De diagnose

In 2018 kreeg mijn vader de diagnose Alzheimer. Ik weet nog heel goed toen mijn vader en moeder het aan mij vertelden. Zij zaten op de bank en ik kwam thuis van sporten. Het hoge woord kwam eruit dat mijn vader dementie had. Mijn eerste reactie was opluchting. Mijn vader had al twee jaar lang wat rare trekjes, had weinig coördinatie en klussen ging niet meer. Nu wisten wij eindelijk wat er aan de hand was. Zelf wist ik wel wat dementie inhield, maar ik had er nog nooit mee te maken gehad.

Mijn vader had geen dementie. Dat zei hij zelf. Dit is een typerende uitspraak voor iemand met dementie. Dit leidde wel vaak tot discussie. Waar ik vaak behoefte had om er even over te praten, werd het al snel in de doofpot gestopt door papa. Dit begreep ik natuurlijk ook van zijn kant. Dit was ook een proces voor hem, het idee dat je dement bent en hieraan uiteindelijk zal overlijden. Het idee dat je straks niet meer weet wat de wereld is en wie degene nou zijn waar je van houdt. Mijn vader had daarom ook behoefte aan een second opinion. Uiteindelijk is dit er nooit van gekomen.

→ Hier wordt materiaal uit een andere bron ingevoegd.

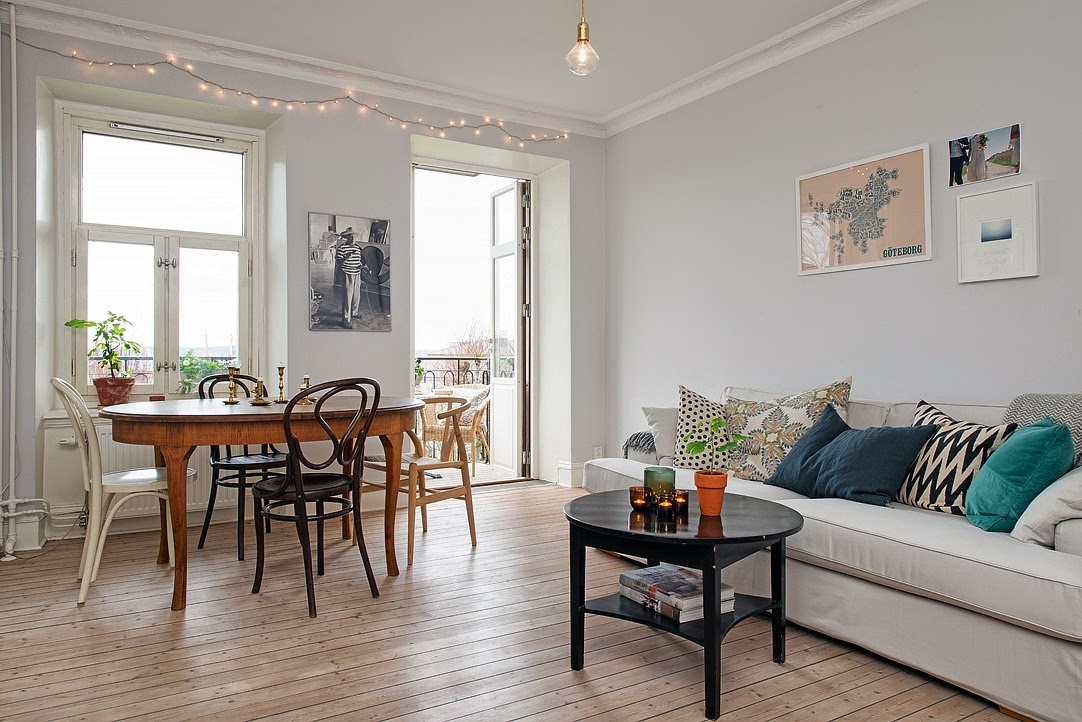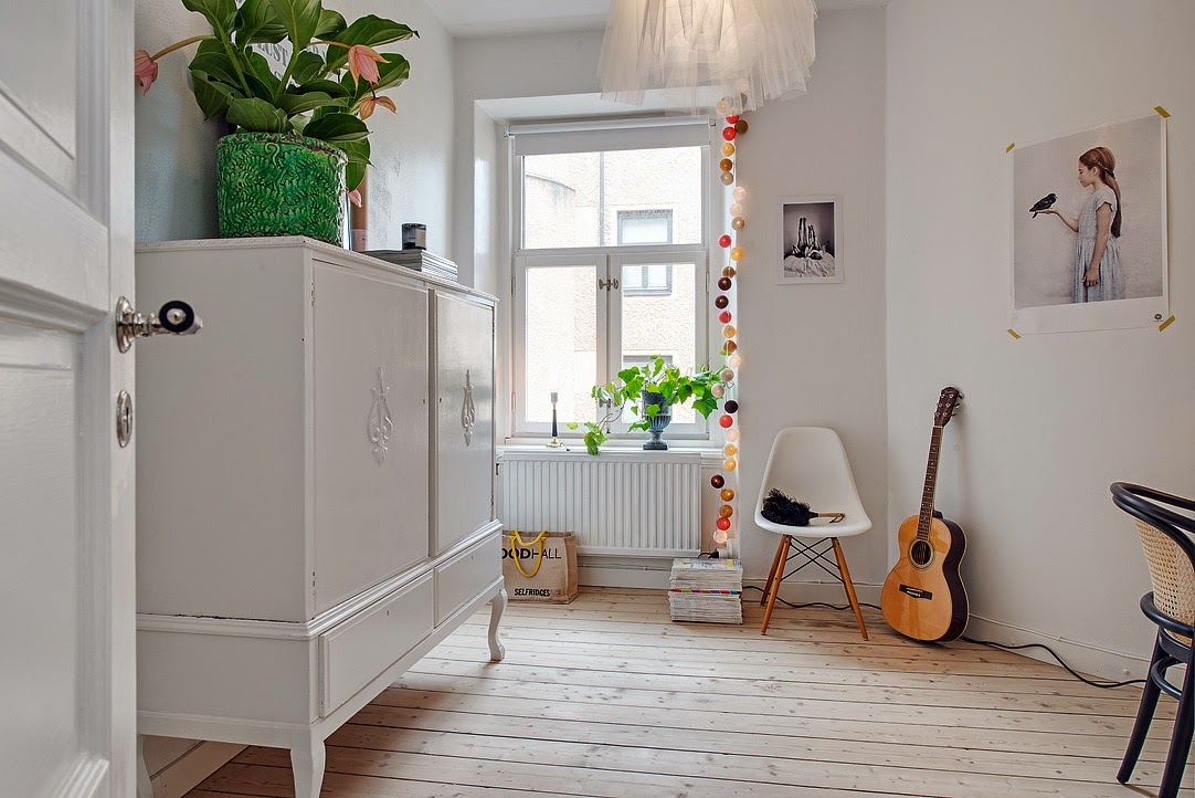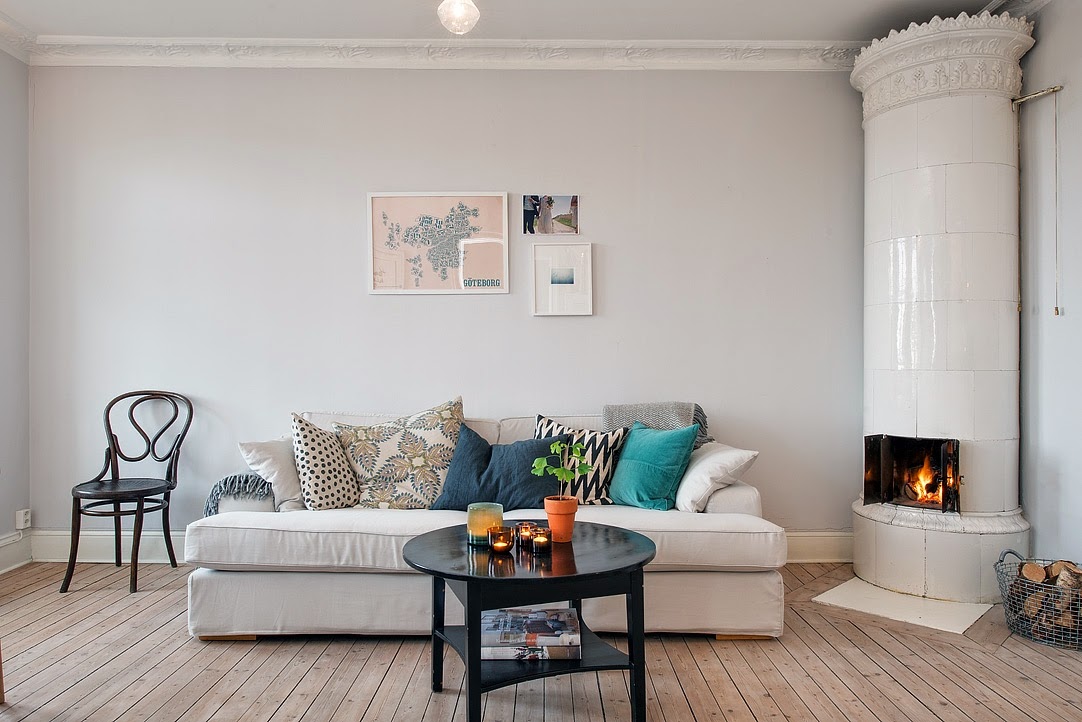 Heute zeige ich eine Jugendstilwohnung aus Göteborg, die sehr persönlich und mit viel Liebe zum Detail eingerichtet ist. Designmöbel hin oder her, am wichtigsten ist es, eine persönliche Wohnatmosphäre zu gestalten. Mir gefällt es am besten in Wohnungen und Häusern, wo gelebt wird und nicht alles wie aus dem Einrichtungsmagazin aussieht. Bei dieser Wohnung spürt man, dass gelebt wird. Eine schöne Mischung von neu und alt und sehr gemütlich! Die Küche in graublau finde ich Klasse, mal etwas anderes als weiss und den Smeg Kühlschrank ist mein absoluter Favorit. Wenn unser Foodcenter mal den Geist aufgeben sollte (muss aber nicht grad heute oder morgen sein, hat eine schöne Stange Geld gekostet), dann möchte ich auch so einen!

De diagnose gaf hem alleen maar nadelen. Bijvoorbeeld voor het rijbewijs. Hij moest nu elk jaar opnieuw van het CBR een rijexamen doen. De eerste keer had hij het gehaald. Maar ik stapte al met lichte paniek in de auto als hij ging rijden. Zelf wist hij het ook wel, en liet hij mijn moeder vaker rijden. De tweede keer was hij gezakt. Mijn moeder en ik waren opgelucht, want het was ook niet meer veilig. Mijn vader was daarentegen ontzettend boos. Alweer iets wat van hem is afgenomen. Wat ik mij kan voorstellen dat het een gevoel van onmacht is.

In deze tijd voelde ik mij vaak hulpeloos, onbegrepen en gefrustreerd. Ik kreeg geen begrip van leeftijdsgenoten, wat natuurlijk te begrijpen is. Ik mocht het er niet over hebben met familie, want dat vond papa verschrikkelijk.